The data below contains pictures, which are to be skipped; the lines starting at the line with "Vladimir Volfovich Zhirinovsky" and ending at the line with "7783 Het kruispunt" are to be output exactly, both ends included.

Input data:
+ + + + +

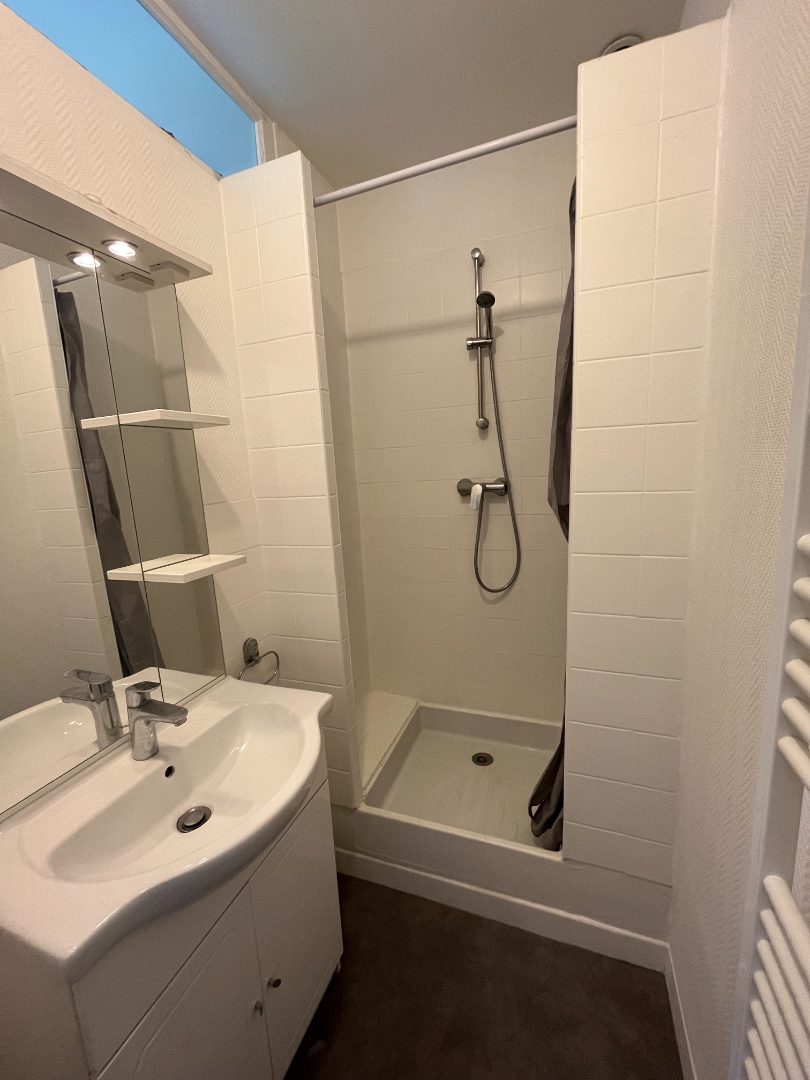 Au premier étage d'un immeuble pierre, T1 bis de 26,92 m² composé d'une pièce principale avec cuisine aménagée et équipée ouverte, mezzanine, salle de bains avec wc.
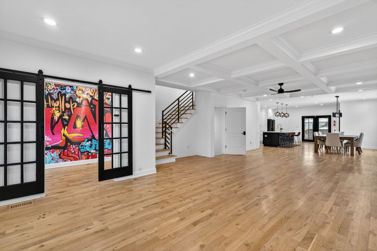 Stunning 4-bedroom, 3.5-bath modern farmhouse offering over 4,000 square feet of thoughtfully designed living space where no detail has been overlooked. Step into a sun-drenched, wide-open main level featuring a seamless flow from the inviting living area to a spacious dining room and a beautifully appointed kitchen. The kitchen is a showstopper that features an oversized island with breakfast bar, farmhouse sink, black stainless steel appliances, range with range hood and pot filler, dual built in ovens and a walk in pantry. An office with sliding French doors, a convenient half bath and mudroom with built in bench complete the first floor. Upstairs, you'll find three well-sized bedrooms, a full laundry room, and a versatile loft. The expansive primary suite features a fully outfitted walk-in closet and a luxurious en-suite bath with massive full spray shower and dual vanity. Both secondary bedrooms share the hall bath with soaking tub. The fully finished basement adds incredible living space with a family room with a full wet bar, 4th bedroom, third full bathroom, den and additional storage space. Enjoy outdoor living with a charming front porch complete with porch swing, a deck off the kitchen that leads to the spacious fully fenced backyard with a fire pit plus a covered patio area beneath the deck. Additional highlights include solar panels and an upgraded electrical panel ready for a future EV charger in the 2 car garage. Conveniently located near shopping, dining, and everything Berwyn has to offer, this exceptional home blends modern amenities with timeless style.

+ + + + +

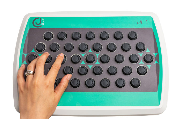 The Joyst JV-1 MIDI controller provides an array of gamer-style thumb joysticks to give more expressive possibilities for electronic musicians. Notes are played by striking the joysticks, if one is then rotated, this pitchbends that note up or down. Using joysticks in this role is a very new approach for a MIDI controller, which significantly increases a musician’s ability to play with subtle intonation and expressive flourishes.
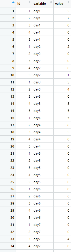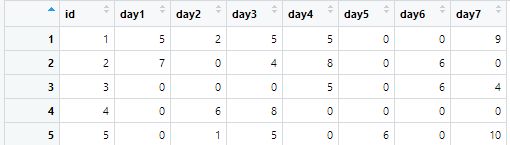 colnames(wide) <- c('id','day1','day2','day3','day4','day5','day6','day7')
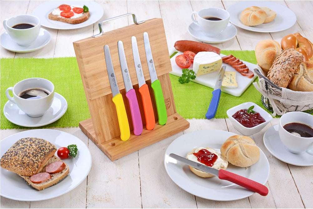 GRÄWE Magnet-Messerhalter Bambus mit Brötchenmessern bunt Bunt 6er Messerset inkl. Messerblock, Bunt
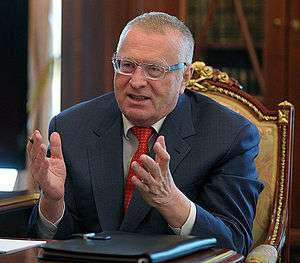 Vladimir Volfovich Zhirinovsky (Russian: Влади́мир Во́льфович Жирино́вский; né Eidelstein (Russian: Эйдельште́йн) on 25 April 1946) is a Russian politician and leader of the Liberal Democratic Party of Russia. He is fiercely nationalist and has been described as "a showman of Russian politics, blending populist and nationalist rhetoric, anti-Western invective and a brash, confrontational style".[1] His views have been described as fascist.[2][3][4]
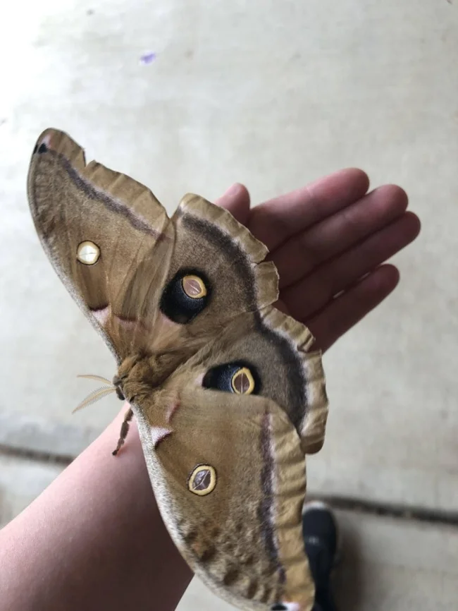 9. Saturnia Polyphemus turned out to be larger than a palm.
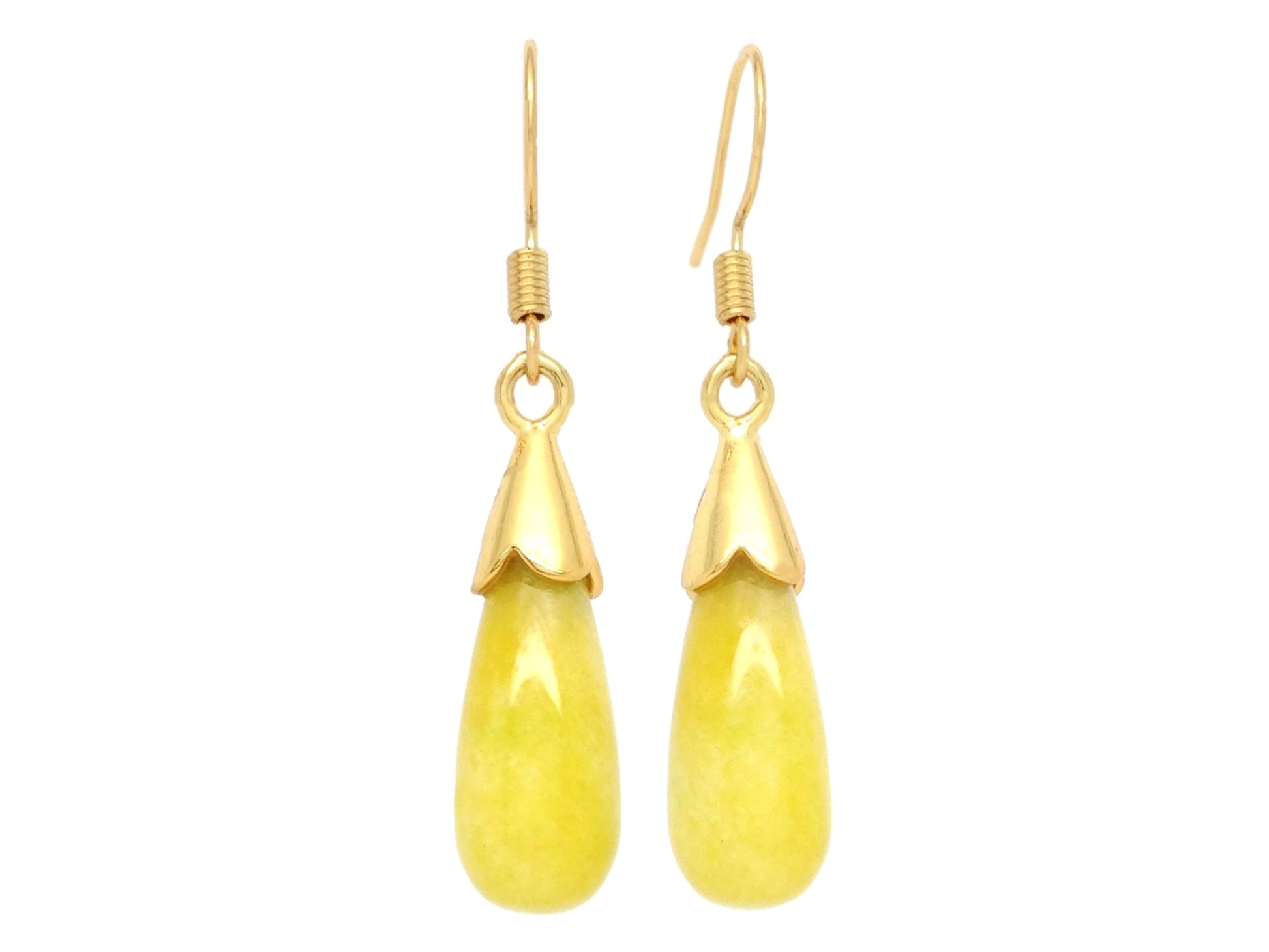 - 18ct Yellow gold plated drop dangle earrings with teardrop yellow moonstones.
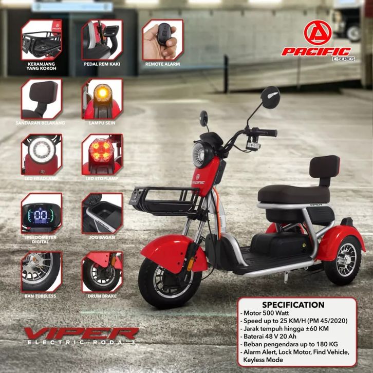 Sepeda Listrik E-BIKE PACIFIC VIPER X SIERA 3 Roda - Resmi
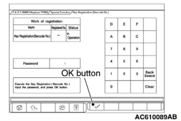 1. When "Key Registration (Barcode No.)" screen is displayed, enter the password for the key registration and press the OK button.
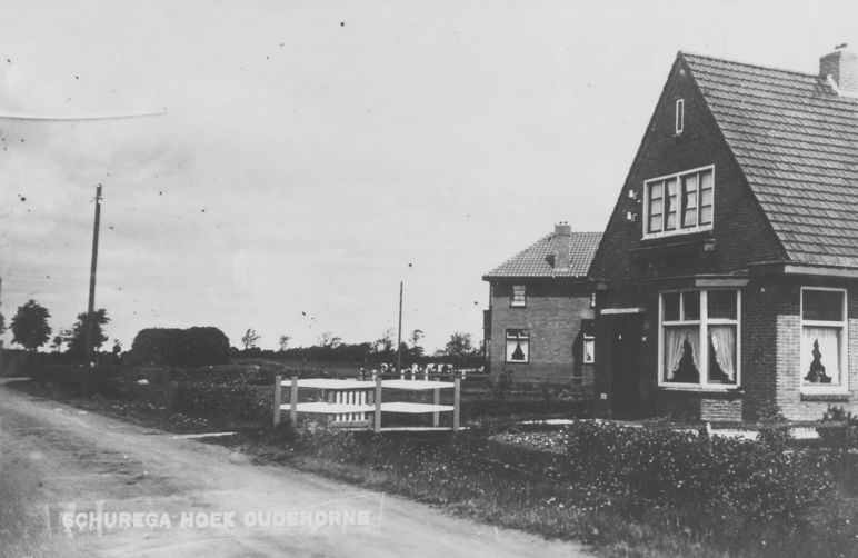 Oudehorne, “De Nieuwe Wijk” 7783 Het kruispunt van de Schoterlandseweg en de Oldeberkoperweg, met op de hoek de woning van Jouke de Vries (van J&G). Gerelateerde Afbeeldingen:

+ + + + +

Exercise result:
 Vladimir Volfovich Zhirinovsky (Russian: Влади́мир Во́льфович Жирино́вский; né Eidelstein (Russian: Эйдельште́йн) on 25 April 1946) is a Russian politician and leader of the Liberal Democratic Party of Russia. He is fiercely nationalist and has been described as "a showman of Russian politics, blending populist and nationalist rhetoric, anti-Western invective and a brash, confrontational style".[1] His views have been described as fascist.[2][3][4]
 9. Saturnia Polyphemus turned out to be larger than a palm.
 - 18ct Yellow gold plated drop dangle earrings with teardrop yellow moonstones.
 Sepeda Listrik E-BIKE PACIFIC VIPER X SIERA 3 Roda - Resmi
 1. When "Key Registration (Barcode No.)" screen is displayed, enter the password for the key registration and press the OK button.
 Oudehorne, “De Nieuwe Wijk” 7783 Het kruispunt van de Schoterlandseweg en de Oldeberkoperweg, met op de hoek de woning van Jouke de Vries (van J&G). Gerelateerde Afbeeldingen:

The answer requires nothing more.